1. A reamer for use on a downhole drillstring, comprising:
a reamer body comprising a pathway therethrough; and
wiring located within the pathway for transmitting at least one of power or communications.
2. The reamer of claim 1, wherein the reamer body pathway comprises a flowbore extending through the reamer body.
3. The reamer of claim 2, further comprising a feed through assembly, the feed through assembly surrounding at least a portion of the wiring.
4. The reamer of claim 1, wherein the reamer body further comprises a wall surrounding a flowbore extending through the reamer body and wherein the pathway extends through the wall.
5. The reamer of claim 1, further comprising a sensor located within the reamer body, the sensor being connected with the wiring for transmitting data measured by the sensor through the wiring.
6. The reamer of claim 5, wherein the sensor is selected from the group consisting of: a vibration sensor, a weight-on-bit sensor, a torque-on-bit sensor, a temperature sensor, a pressure-while-drilling sensor, a resistivity sensor, a nuclear sensor, an acoustic sensor, a nuclear magnetic resonance sensor, and a formation evaluation sensor.
7. The reamer of claim 5, wherein the reamer body further comprises a cutting structure and wherein a location of the sensor is selected from the group consisting of: above the cutting structure, below the cutting structure, and on the cutting structure.
8. The reamer of claim 5, further comprising the sensor being wirelessly connected with the wiring.
9. The reamer of claim 5, further comprising a processor connected with the wiring for receiving data from the sensor.
10. The reamer of claim 9, wherein the sensor is wirelessly connected with the wiring.
11. The reamer of claim 9, wherein the processor is positioned at a location, the location selected from the group consisting of: within the reamer body, at the surface, and on another downhole tool.
12. The reamer of claim 1, further comprising:
wherein the reamer is an adjustable blade reamer comprising adjustable blades;
an actuator operatively connected with the adjustable blades to adjust the position of the adjustable blades; and
a controller operatively connected with the actuator for controlling the position of the adjustable blades.
13. The reamer of claim 12, wherein the controller is configured to change the cutting diameter of the adjustable blades.
14. The reamer of claim 12, wherein the actuator is selected from the group consisting of: an electric actuator, a mechanical actuator, and a hydraulic actuator.
15. The reamer of claim 12, further comprising a processor connected with the controller for transmitting a signal to the controller, the signal directing the controller to actuate the actuator.

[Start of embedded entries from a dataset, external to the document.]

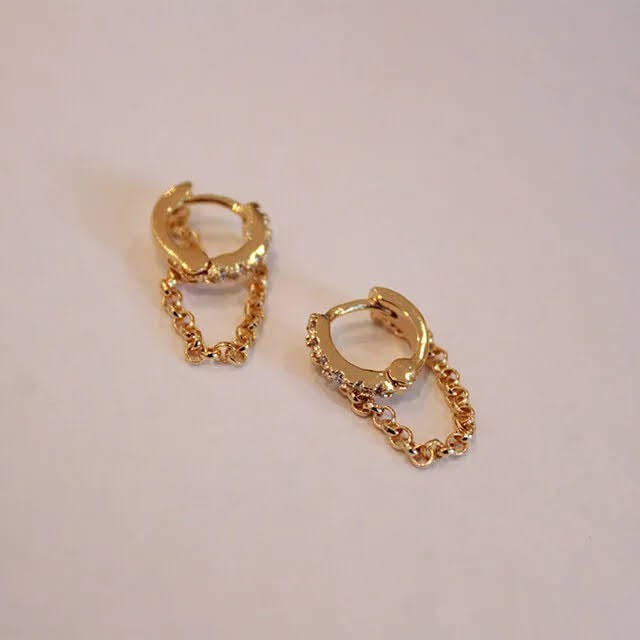 Brincos argolinha cravejada de zircônia cristal com corrente lateral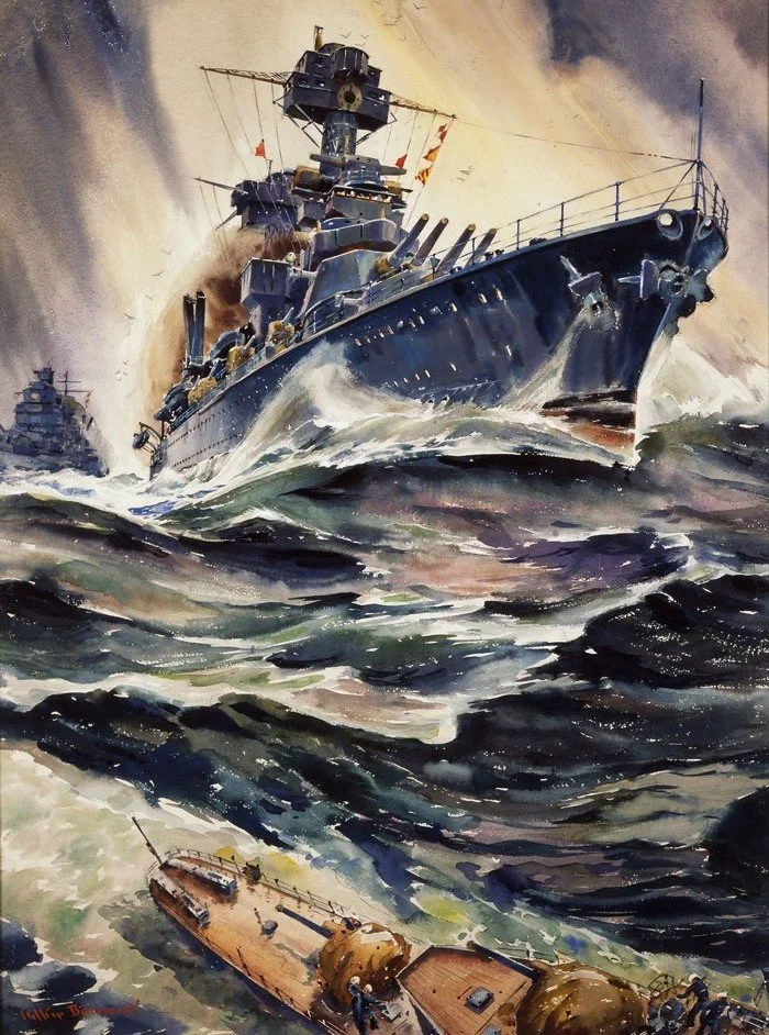 The USS Maryland and the USS New Mexico form the "backbone of sea power" in this watercolor from the collection of the Irvine Museum.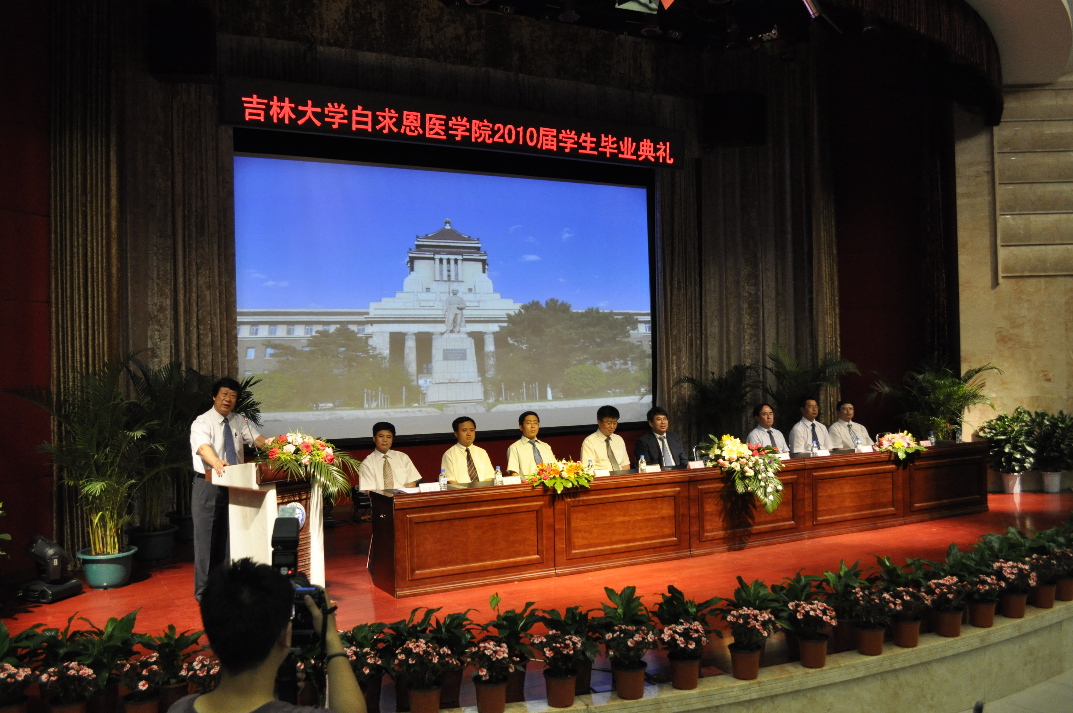 校长展涛教授,副校长王冠军教授,原常务副校长、白求恩医学院院长李玉林教授,白求恩第二医院党委书记张兴义,白求恩第三医院院长高忠礼,白求恩第三医院党委书记王玉柱,白求恩医学院常务副院长孙连坤,教务处副处长杨洪秀出席了典礼,各学院主管领导、职能科室负责人、教师代表、部分毕业生家长及2010届全体毕业生参加了典礼。典礼由白求恩医学院党委书记屈英和主持。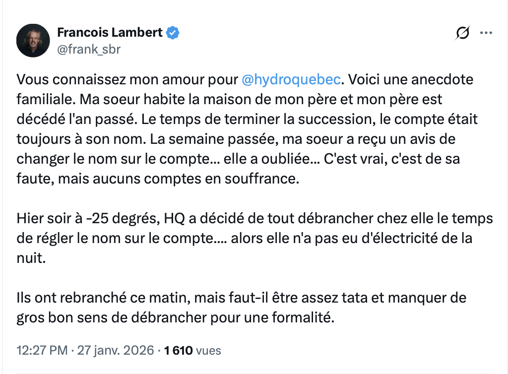 Ça me surprendrait en tabarnak qu’Hydro aille couper le courant en plein hiver volontairement en période de grand froid.

16. The reamer of claim 15, wherein the processor is positioned at a location, the location selected from the group consisting of: within the reamer body, at the surface, and on another downhole tool.
17. The reamer of claim 12, further comprising:
a sensor located within the reamer body, the sensor being connected with the wiring for transmitting data measured by the sensor through the wiring; and
a processor being connected with the wiring for receiving the data from the sensor and with the controller for transmitting a signal to the controller, the signal directing the controller to actuate the actuator.
18. The reamer of claim 17, wherein the controller is configured to change the cutting diameter of the adjustable blades.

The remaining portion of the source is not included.